Well to take a slightly different tack, I thought I'd look at the gridding end of
things. Specifically, how to run IDL in batch mode. I think I've got it: you create
a batch file with the command(s) in, then setenv IDL_STARTUP [name of batch file].
When you type 'idl' it runs the batch file, unfortunately it doesn't quit afterwards,
though adding an 'exit' line to the batch file does the trick! Of course, there is no
easy way to check it's working properly, since the random element (used when relaxing
to the climatology) ensures that each run gives different results:
Still, the mechanism is so similar to that used to run other Fortran progs that we
can carry on, I guess. Naturally I would prefer to use the gridder I wrote, partly
because it does a much better, *documentable* job, but mainly because I don'y want
all that effort wasted!
Also looked at NetCDF production, as it's still looming. ncgen looks quite good, it
can work from a 'CDL' file (format is the same as the output from ncdump). It can
even produce fortran code to reproduce the file!!

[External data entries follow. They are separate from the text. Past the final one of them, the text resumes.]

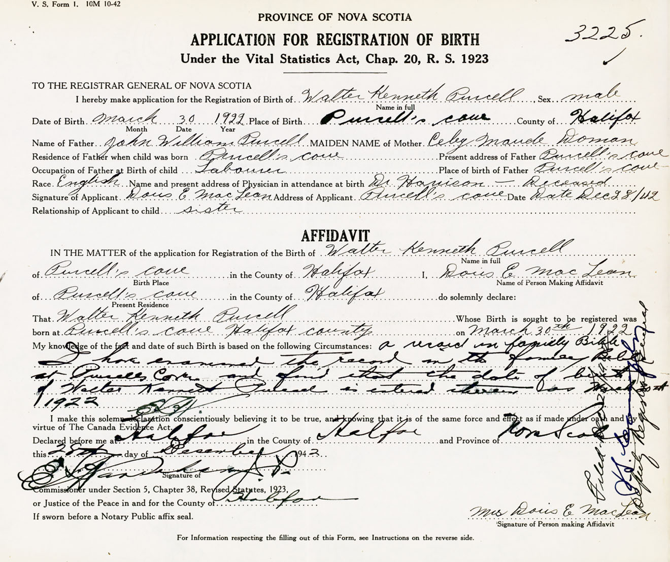 I have examined the record on the family bible at Purcells cove and find that the date of birth of Walter Kenneth Purcell is entered therein as March 30th, 1922.
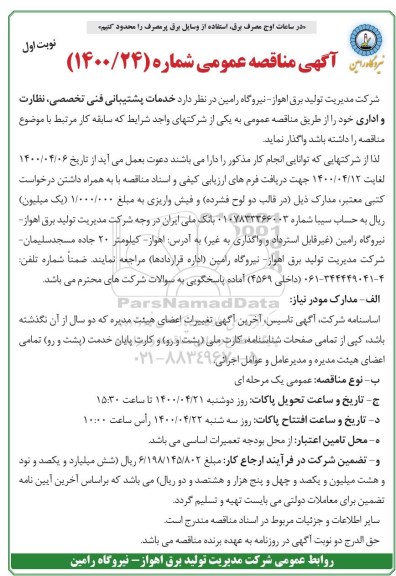 شرکت مدیریت تولید برق اهواز ـ نیروگاه رامین در نظر دارد خدمات پشتیبانی فنی تخصصی، نظارت و اداری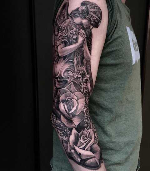 Они ассоциируют тату с религией, безопасностью, охраной. Набивают рисунок на грудь, плечо, предплечье. На лопатках зачастую встречаются ангелы-хранители. Крылья ангела на спине обозначают доброта, мощь, подготовленность неизменно охранять свою избранницу и семью.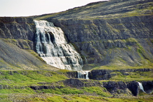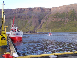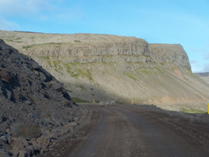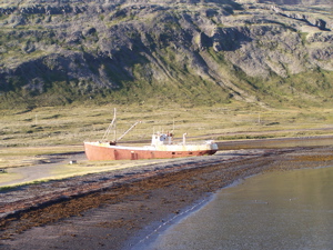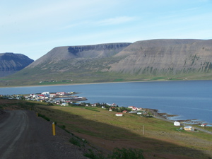 Der Weg nach Isafjördur war zu 70 % steinig und führte wieder über den Mond. Weite Sicht, blauer Himmel, Sonne, Wasserfälle, Schafe (auch auf den Straßen), Riesensteine so weit das Auge blickt. Nicht nur diese Straßen haben so genannte „Blind date“ – Stellen, da fährt man wie auf der Achterbahn, sieht nicht was dann kommt, in welche Richtung die Straße weiterführt und ob Gegenverkehr ist. War aber alles kein Problem, da Begegnungen mit Menschen zwischendurch äußerst selten waren. Die Schafe tragen ihre Wolle zurzeit offen und springen schnell über die Prärie, ihr Hinterteil sieht lustig aus, bewegt sich sehr schwungvoll hin und her. Die Wolle federt im Zeitlupentempo nach. Der größte Wasserfall der Westfjorde Dynjandi liegt direkt neben der Straße und ist sehr beeindruckend. Ein E-Werk in der Mondlandschaft, ein Bergsee über dem Werk, Rohre in denen das Wasser mit Schnelligkeit durchrast, sorgen für kostengünstige Energie auf den Westfjorden. Trotz der nicht enden wollenden Fahrt leisten wir uns einen Abstecher nach Flateyri. Der Ort liegt auf einer Landzunge zwischen den Fjorden und ist oberhalb der letzten Häuser mit einem Erdwall vor Lawinen geschützt. Das Unglück von 1995 soll sich so nicht wiederholen als eine Lawine Häuser und Menschen begrub. Direkt an dieser Stichstraße haben wir eine recht große Anlage mit Trockenfisch entdeckt. Mystisch. Kurz vor unserem Etappenziel haben wir einen Tunnel befahren. Mitten im zum Teil einspurigen Tunnel gab es einen Abzweig nach Sudurey. Hier bezogen wir eine Herberge mit einem Smilie am Haus. Schön, sauber, mit stilvollem Restaurant. Das Abendessen, es gab Fisch, war vorzüglich. Vorher haben wir gesehen, wie Fischer ihren Fang am Hafen von den Schiffen verladen haben. Ein Fischer auf einem Mini-Schiff hat mit 78 Jahren kistenweise Fisch heimgebracht. Ein Inuit hat mit Gabelstapler beim Verladen geholfen. Ihm haben wir am Abend mehrfach mit seinem Auto durch den Ort fahren sehen. Der kleine Ort lebt vom Fischfang. Fisch wird hier gleich verarbeitet. Es gibt eine Schule, Kindergarten, Schwimmbad, Sporthalle, Sparkasse, Post, Essotankstelle – hier leben wohl 300 Einwohner. Die schlechteste Nummer des heutigen Tages nun zum Schluss: Ich habe mir beim Rückweg vom Vogelfelsen meinen Fuß so stark verknickt, dass ich dachte, alles ist zu spät. Er wurde zusehens angschwollen und farbig. Ich gönne ihm nun Dolobene und humple so dahin. Schade ... Laufidee ...ade.

Ah well. Back to the 'incoming data' process. The fact that the mcdw2cruauto and
climat2cruauto programs worked fine for CLD is a big bonus, they read their runs
and date files andthey wrote their results. Though the results didn't include the
names of the output databases, I've had second thoughts about that. I want the
update program to be in charge, so it should know what files have been produced
(assuming the result is 'OK'). If the conversion program sends back a list, then
the update program will have to parse it to find out which parameter is which,
and that's silly when it should know anyway!! The situation is different for
merging. I don't have a full strategy for file naming yet. Let's look at a typical
process for an unnamed (not tmn or tmx) primary parameter, ie simple case:
merge mcdw into current
merge climat into current+mcdw
reformat into .dat and .nc
final output files
So, naming. Well the governing principle of the update process is that all files
have the same 10-digit datestamp. So the run can be uniquely identified, as can
all its files (data, log, etc). I am NOT changing that! A main problem is that
we will have to depart from the rigid database naming schema ('tla.datestr.dtb')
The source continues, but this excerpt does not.